Machine learning is becoming increasingly
common in drug discovery. Just a few months ago we highlighted its use to
design a library of privileged fragments. However, constructing a library is
usually done infrequently (though continued renovation of a library is always a
good idea). In two papers from earlier this year, Jacob Durrant and colleagues
at University of Pittsburgh use machine learning to tackle the more common task
of lead optimization.
The first paper, in Chem. Sci.,
describes DeepFrag, a “deep convolutional neural network for fragment-based
lead optimization.” The researchers started with the Binding MOAD database, a
collection of nearly 39,000 high-quality protein-ligand complex structures from
the Protein Data Bank. Ligands were computationally fragmented by chopping off terminal
appendages less than 150 Da. The fragments were then converted into molecular fingerprints
encoding their structures. Meanwhile, the protein region around each ligand was
converted into a three-dimensional grid of voxels, akin to how images used for
computer vision training are processed.
The researchers describe the goal
as follows. “We propose a new ‘fragment reconstruction’ task where we take a
ligand/receptor complex, remove a portion of the ligand, and ask the question ‘what
molecular fragment should go here.’”
About 60% of the data were used
in a training model for the machine learning algorithm. This was then evaluated
on 20% of the data and further refined before the final evaluation on the
remaining 20% of the data.
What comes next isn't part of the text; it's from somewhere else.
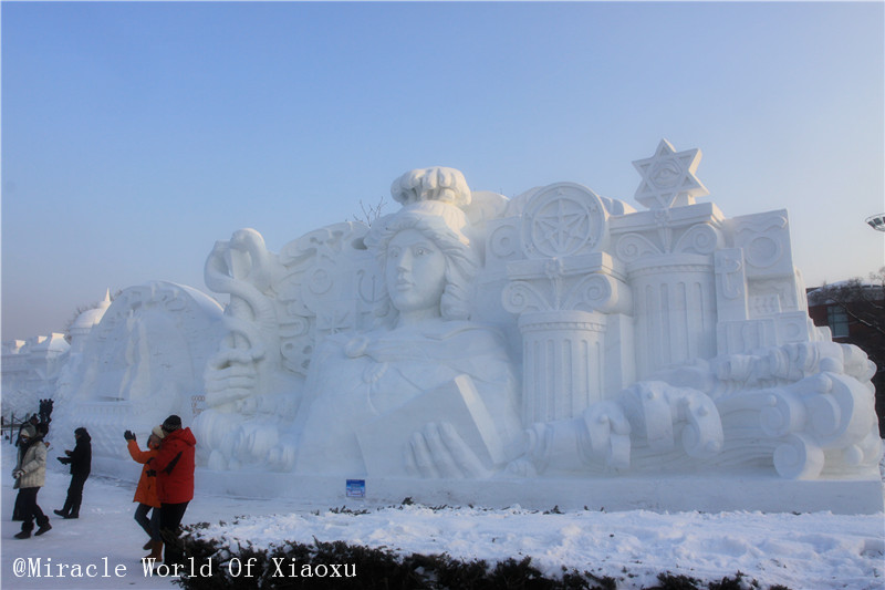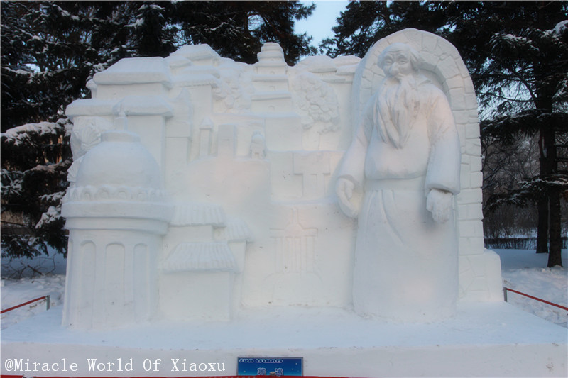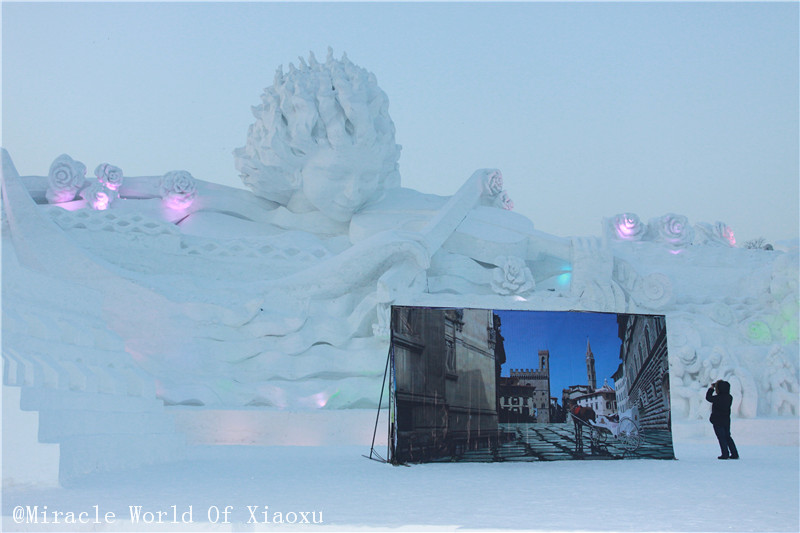桥正对面的蒙娜丽莎,正在赶工啊,我是1月3号去的,有些雕塑完成了,有些正在赶工,赶着1月5号正式开展。。大家都很忙。。。。。。有什么问题想问的,师傅们都顾不上回答,呵呵。。。。不知道现在的雪博会是不是更漂亮了。。

The details are beyond the scope of this post (and
frankly beyond me as well) but DeepFrag recapitulated known fragments about 60%
of the time. Importantly, the model worked for diverse types of fragments, including
both polar and hydrophobic examples. Even “wrong” answers were often similar to
the “correct” responses, for example a methyl group instead of a chlorine atom.
In some cases where DeepFrag’s predictions differed from the original ligand
the researchers note that these may be acceptable alternatives, a hypothesis
supported by subsequent molecular docking studies.
Of course, the goal for most of
us is not to recapitulate known ligands but to optimize them, so the
researchers applied DeepFrag to crystallographically identified ligands of the
main protease from SARS-CoV-2. Many of them docked well, though they have yet
to be synthesized and tested.
Laudably, the model and source
code have been released and can be accessed here. However, as these require a
certain amount of computer savvy to use, Harrison Green and Jacob Durrant have
also created an open-source browser app which is described in an open-access application note in J. Chem. Inf. Mod.
The browser app runs entirely on
a local computer, without requiring users to upload possibly sensitive data. The
application note describes using the app to recapitulate an example from the original
paper. It also describes using it on a fragment bound to antibacterial target GyrB, a fragment-to-lead success story we blogged about last year. DeepFrag correctly predicted some
of the same fragment additions that were described in that paper.
The app is incredibly easy to
use: just load a protein and ligand (from a pdb file, for example) and the
structure appears in a viewer. Click the “Select Atom as Growing Point” button,
choose an atom, and hit “Start DeepFrag.” The ranked results are provided as
SMILES strings and chemical structures, and the coordinates can also be
downloaded. You can also delete atoms before growing if you would like to
replace a fragment.
In my own cursory evaluation, DeepFrag
correctly suggested adding a second hydroxyl to the ethamivan fragment bound to
Hsp90 (see here). It did not suggest an isopropyl replacement for the methoxy
group, but it did suggest methyl. Trying a newer example unlikely to have been
part of the training set did not recapitulate the ethoxy in the BTK ligand
compound 18 (see here), but did suggest a number of interesting and plausible
rings. Calculations took a few minutes on my aging personal Windows laptop
using Firefox.
In contrast to the hyperbolic claims too often seen in the field, the researchers conclude the Chem.
Sci. paper modestly: “though not a substitute for a trained medicinal
chemist, DeepFrag is highly effective for hypothesis generation.”
Indeed – I recommend playing around
with it. We may still be some way from SkyFragNet, but we’re making progress.